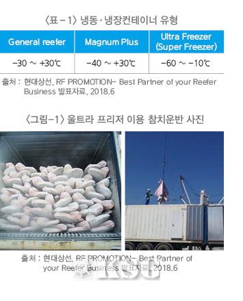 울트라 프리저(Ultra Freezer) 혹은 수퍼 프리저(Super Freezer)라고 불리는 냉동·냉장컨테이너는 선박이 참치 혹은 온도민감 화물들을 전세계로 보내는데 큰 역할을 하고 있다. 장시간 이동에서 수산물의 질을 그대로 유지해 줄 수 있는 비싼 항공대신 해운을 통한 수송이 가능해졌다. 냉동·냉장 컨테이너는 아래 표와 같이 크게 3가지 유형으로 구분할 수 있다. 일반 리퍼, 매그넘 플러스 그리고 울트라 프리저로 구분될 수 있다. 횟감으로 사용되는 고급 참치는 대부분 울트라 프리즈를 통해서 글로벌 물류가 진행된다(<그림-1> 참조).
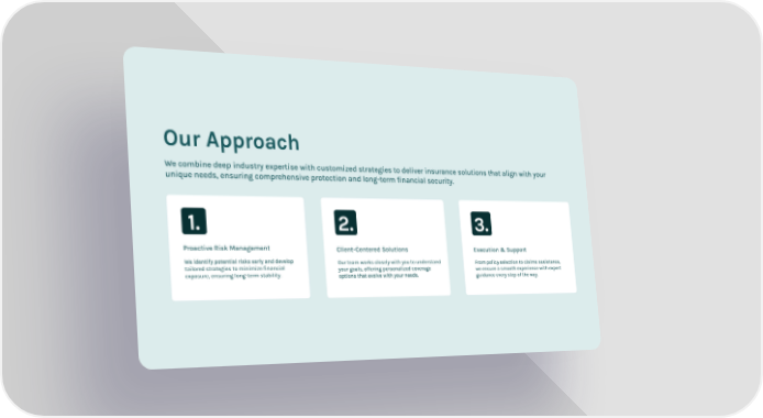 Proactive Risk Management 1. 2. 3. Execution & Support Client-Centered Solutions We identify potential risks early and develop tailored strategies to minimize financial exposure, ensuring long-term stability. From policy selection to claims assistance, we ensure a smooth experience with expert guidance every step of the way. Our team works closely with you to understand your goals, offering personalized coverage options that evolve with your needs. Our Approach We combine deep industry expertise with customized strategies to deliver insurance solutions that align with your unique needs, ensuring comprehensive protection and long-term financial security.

--

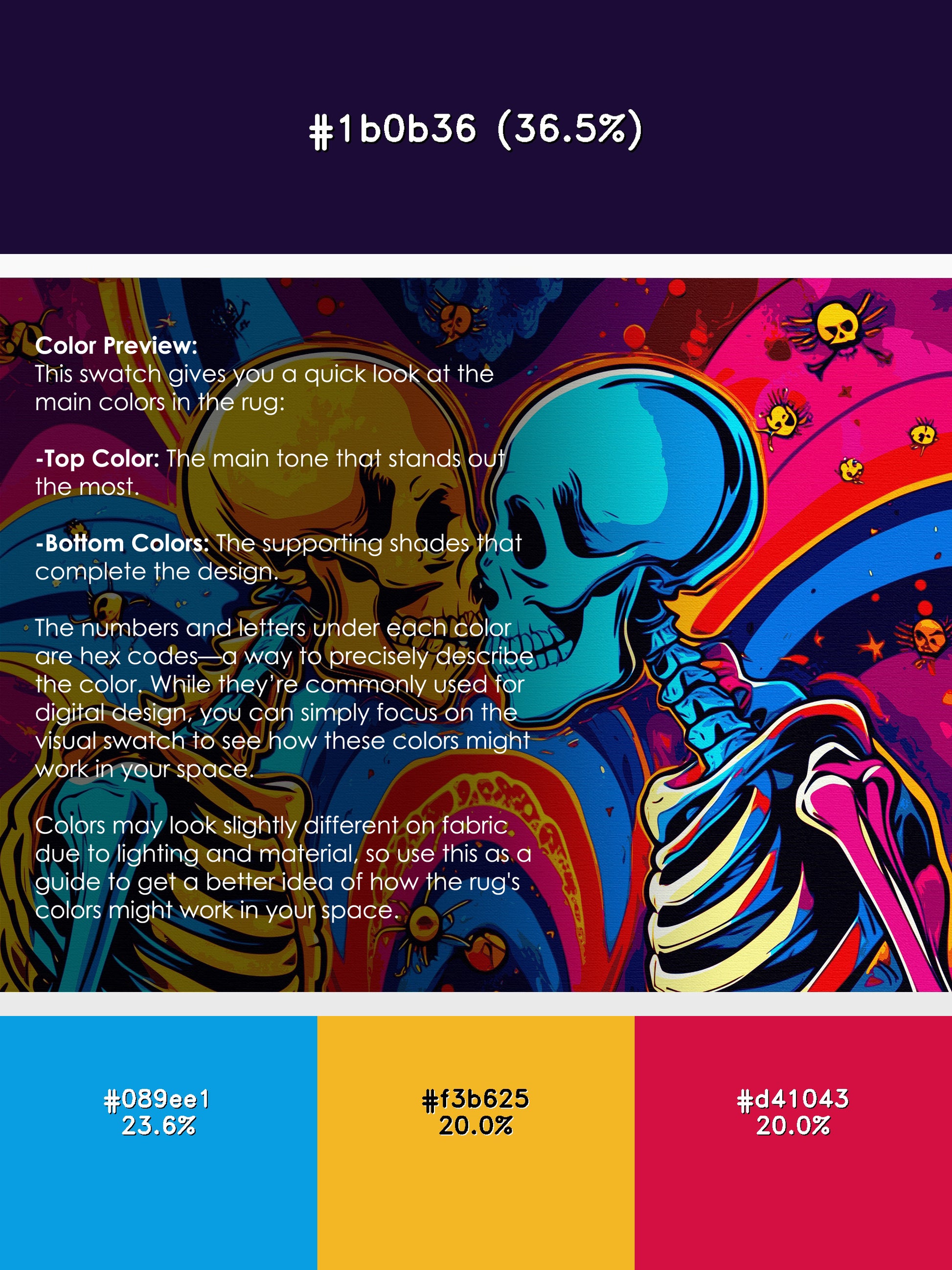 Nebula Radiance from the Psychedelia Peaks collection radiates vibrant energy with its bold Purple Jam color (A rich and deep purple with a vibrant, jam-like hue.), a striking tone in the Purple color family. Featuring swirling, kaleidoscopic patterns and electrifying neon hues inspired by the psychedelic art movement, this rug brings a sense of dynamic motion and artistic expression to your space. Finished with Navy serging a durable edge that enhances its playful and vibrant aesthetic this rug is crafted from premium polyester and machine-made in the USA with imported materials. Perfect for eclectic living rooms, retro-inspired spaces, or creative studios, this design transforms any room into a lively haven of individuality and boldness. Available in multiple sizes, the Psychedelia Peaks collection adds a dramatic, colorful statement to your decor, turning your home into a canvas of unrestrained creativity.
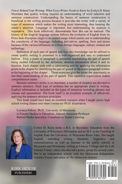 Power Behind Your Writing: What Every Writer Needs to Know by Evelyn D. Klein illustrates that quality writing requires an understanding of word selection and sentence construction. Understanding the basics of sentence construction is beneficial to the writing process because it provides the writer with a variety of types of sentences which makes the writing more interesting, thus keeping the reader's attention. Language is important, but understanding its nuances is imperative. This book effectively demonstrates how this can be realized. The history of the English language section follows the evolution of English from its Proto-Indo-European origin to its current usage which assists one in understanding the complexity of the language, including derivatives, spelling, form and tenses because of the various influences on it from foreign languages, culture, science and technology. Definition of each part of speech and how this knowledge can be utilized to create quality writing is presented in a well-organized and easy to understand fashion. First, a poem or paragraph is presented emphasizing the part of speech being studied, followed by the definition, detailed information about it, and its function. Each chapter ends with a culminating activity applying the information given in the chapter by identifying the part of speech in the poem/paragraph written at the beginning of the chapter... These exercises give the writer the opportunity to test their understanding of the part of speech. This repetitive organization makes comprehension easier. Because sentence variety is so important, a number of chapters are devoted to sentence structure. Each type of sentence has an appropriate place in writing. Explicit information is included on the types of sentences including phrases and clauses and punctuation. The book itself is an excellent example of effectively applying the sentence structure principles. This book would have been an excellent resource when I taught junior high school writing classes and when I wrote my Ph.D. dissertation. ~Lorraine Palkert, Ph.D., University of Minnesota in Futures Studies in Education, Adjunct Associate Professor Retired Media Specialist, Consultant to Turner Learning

#### [Your objective]
In the listing above, find the line containing "울트라 프리저(Ultra Freezer)" and the line containing "Proactive Risk Management", then print exactly those two lines and every line between them, minus the pictures.

#### [Solution to the exercise]
 울트라 프리저(Ultra Freezer) 혹은 수퍼 프리저(Super Freezer)라고 불리는 냉동·냉장컨테이너는 선박이 참치 혹은 온도민감 화물들을 전세계로 보내는데 큰 역할을 하고 있다. 장시간 이동에서 수산물의 질을 그대로 유지해 줄 수 있는 비싼 항공대신 해운을 통한 수송이 가능해졌다. 냉동·냉장 컨테이너는 아래 표와 같이 크게 3가지 유형으로 구분할 수 있다. 일반 리퍼, 매그넘 플러스 그리고 울트라 프리저로 구분될 수 있다. 횟감으로 사용되는 고급 참치는 대부분 울트라 프리즈를 통해서 글로벌 물류가 진행된다(<그림-1> 참조).
 Proactive Risk Management 1. 2. 3. Execution & Support Client-Centered Solutions We identify potential risks early and develop tailored strategies to minimize financial exposure, ensuring long-term stability. From policy selection to claims assistance, we ensure a smooth experience with expert guidance every step of the way. Our team works closely with you to understand your goals, offering personalized coverage options that evolve with your needs. Our Approach We combine deep industry expertise with customized strategies to deliver insurance solutions that align with your unique needs, ensuring comprehensive protection and long-term financial security.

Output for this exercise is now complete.